Он распахнул дверь Акустической и увидел перед собой растворенные дверцы железного шкафа, а между ними – Симочку, снова в некрасивом полосатом платьице и с серым козьим платком на плечах.
Она не увидела, но почувствовала Нержина и смешалась, замерла, как бы раздумывая, что именно ей взять из шкафа.
Он не думал, не взвешивал – он вступил в закоулок между железными дверцами и шепотом сказал:
– Серафима Витальевна! После вчерашнего – безжалостно обращаться к вам. Но труд многих лет моих гибнет. Мне его – сжечь? Вы не возьмете?
Она уже знала об его отъезде. Она подняла печальные, не спавшие глаза и сказала:
– Дайте.
Кто-то входил, Нержин метнулся дальше, прошел к своему столу и встретил майора Ройтмана.
Лицо Ройтмана было растеряно. С неловкой улыбкой он сказал:
– Глеб Викентьич! Как это досадно! Ведь меня не предупредили... Я понятия не имел... А сегодня уже ничего поправить нельзя.
Нержин поднял холодно-сожалеющий взгляд к человеку, которого до сегодняшнего дня считал искренним.
– Адам Вениаминович, ведь я здесь не первый день. Такие вещи без начальников лаборатории не делаются. И стал разгружать ящики стола.
На лице Ройтмана выразилась боль:
– Но, поверьте, Глеб Викентьич, а я не знал, меня не спросили, не предупредили...
Он говорил это вслух при всей лаборатории. Капли пота выступили на его лбу. Он неосмысленно следил за сборами Нержина.

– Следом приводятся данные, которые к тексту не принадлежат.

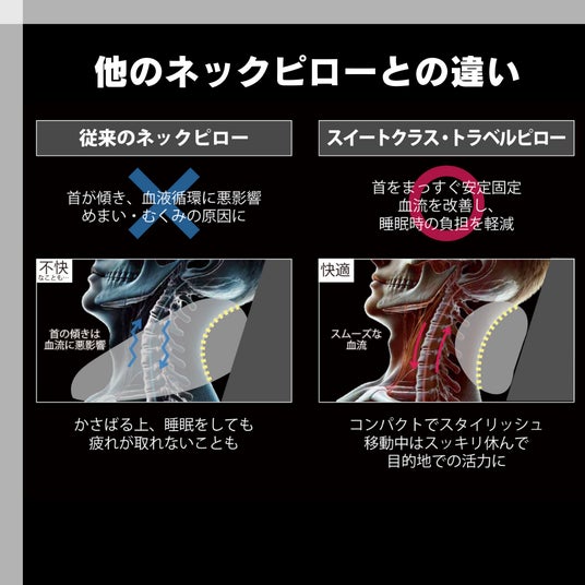 従来のネックピローとは異なり、使用中に首がブレにくい構造を採用。首と背骨の自然なアライメントを保つことで、血流や呼吸を妨げず、移動中のむくみや疲労、頭痛を和らげます。

С ним и в самом деле не посоветовались.
– Материалы по артикуляции я сдам Серафиме Витальевне? – беззаботно спрашивал Нержин.
Ройтман, не ответив, медленно вышел из комнаты.
– Принимайте, Серафима Витальевна, – объявил Нержин и стал носить к ее столу папки, подшивки, таблицы.
И в одну папку уже вложил свое сокровище – свои три блокнота. Но какой-то внутренний дух-советчик подтолкнул Нержина не делать этого.
Если даже теплы ее протянутые руки – надолго ли хватит девичьей верности?
Он переложил блокноты в карман, а папки носил Симочке.
Горела Александрийская библиотека. Горели, но не сдавались, летописи в монастырях. И сажа лубянских труб – сажа от сжигаемых бумаг, бумаг, бумаг, падала на зэков, выводимых гулять в коробочку на тюремной крыше.
Может быть, великих мыслей сожжено больше, чем обнародовано... Если будет цела голова – неужели он не повторит?
Нержин тряхнул спичками, выбежал.
И через десять минут вернулся бледный, безразличный.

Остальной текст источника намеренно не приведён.